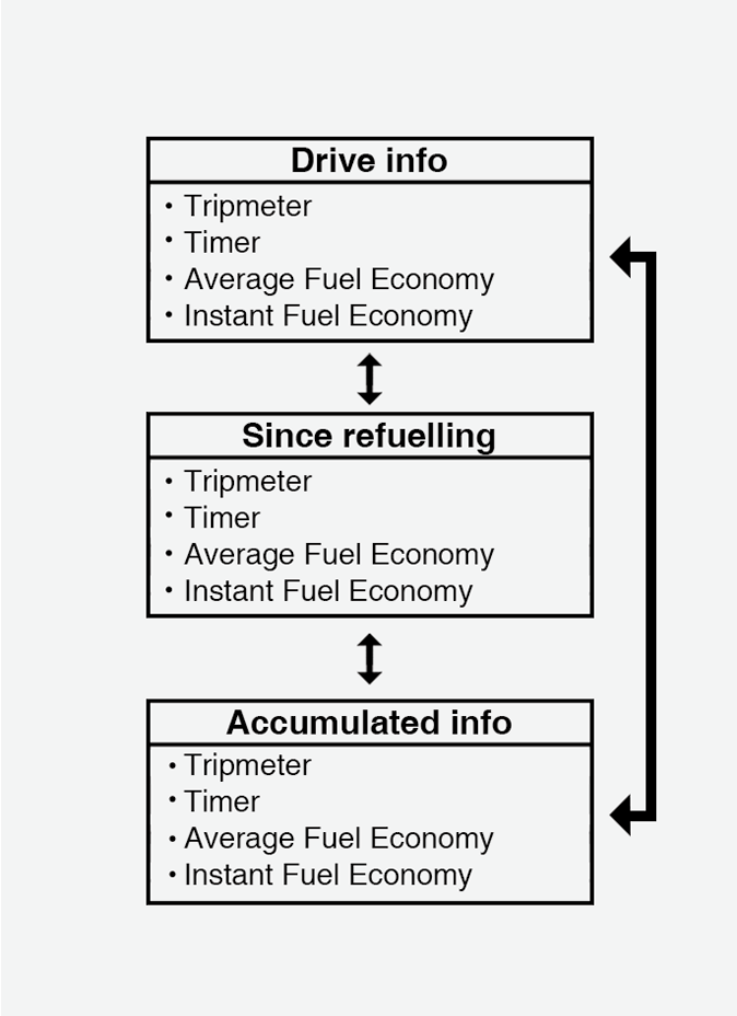 Si vous ouvrez la porte du conducteur après avoir coupé le moteur ou après 3 minutes après le redémarrage du moteur, les informations sur la conduite sont remises à zéro.
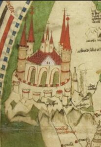 Es gibt gute Gründe, diese Stadtdarstellung als Himmlisches Jerusalem anzusehen. Das sind an erster Stelle die drei gewaltigen Rundbogentore an der Frontseite zum Betrachter hin. An den Seiten erheben sich in den Ecken runde Türme.
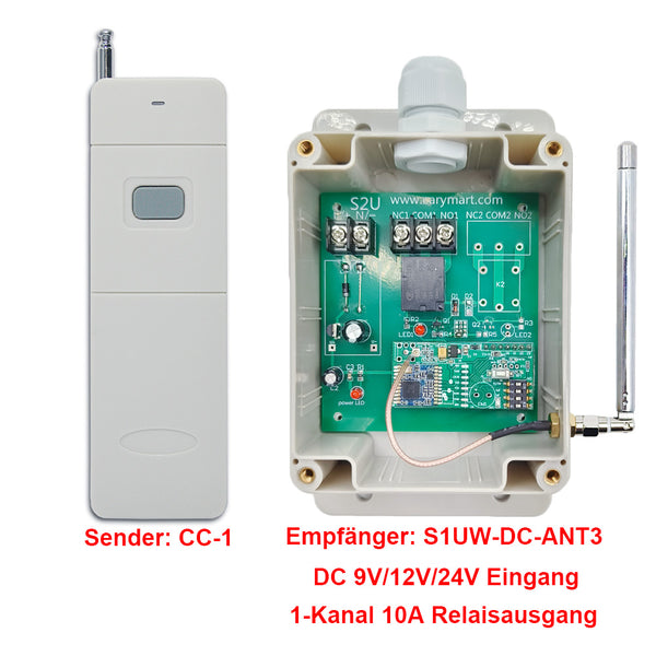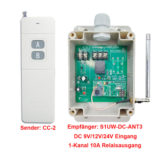 Dieser Empfänger S1UW-DC-ANT3 und der Sender CC-1 / CC-2 bilden ein Empfänger Sender System. Dieses System kann in allen Arten von Industrie automation, Landwirtschaft, Haus, Fabrik, Haus, Bauernhof, Fahrzeug, Schiff, Offshore-Betrieb, Luftfahrzeug usw. Es kann verschiedene DC oder AC Geräte an Land, zu Wasser und in der Luft fernsteuern, wie Lichter, Sirenen, Schlösser, Motoren, Ventilatoren, Türen, Fenster, Elektromagnetventile, Sicherheitsalarm und Geschäftsschilder.
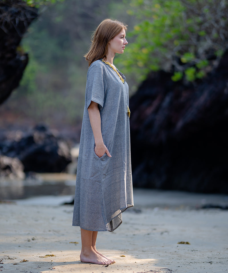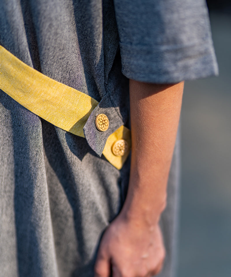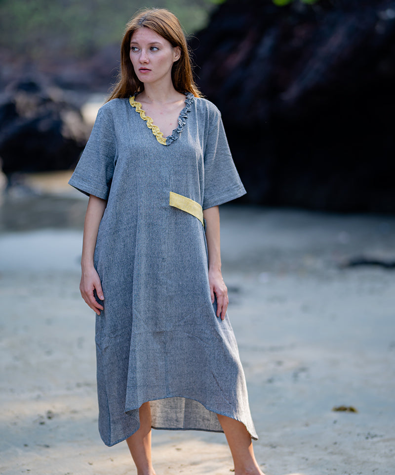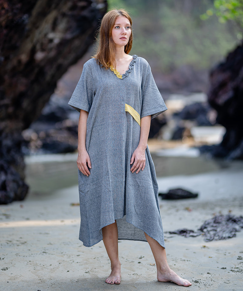 We offer sustainable clothing. They are either naturally dyed, handwoven or handspun garments. The unconventional variation on the fabric are a novel way of expressing our style of fabric and not a defect as such.

■ **What the exercise asks**: Omit the images; transcribe the listing verbatim.

■ **Answer to this exercise**:
 Si vous ouvrez la porte du conducteur après avoir coupé le moteur ou après 3 minutes après le redémarrage du moteur, les informations sur la conduite sont remises à zéro.
 Es gibt gute Gründe, diese Stadtdarstellung als Himmlisches Jerusalem anzusehen. Das sind an erster Stelle die drei gewaltigen Rundbogentore an der Frontseite zum Betrachter hin. An den Seiten erheben sich in den Ecken runde Türme.
 Dieser Empfänger S1UW-DC-ANT3 und der Sender CC-1 / CC-2 bilden ein Empfänger Sender System. Dieses System kann in allen Arten von Industrie automation, Landwirtschaft, Haus, Fabrik, Haus, Bauernhof, Fahrzeug, Schiff, Offshore-Betrieb, Luftfahrzeug usw. Es kann verschiedene DC oder AC Geräte an Land, zu Wasser und in der Luft fernsteuern, wie Lichter, Sirenen, Schlösser, Motoren, Ventilatoren, Türen, Fenster, Elektromagnetventile, Sicherheitsalarm und Geschäftsschilder.
 We offer sustainable clothing. They are either naturally dyed, handwoven or handspun garments. The unconventional variation on the fabric are a novel way of expressing our style of fabric and not a defect as such.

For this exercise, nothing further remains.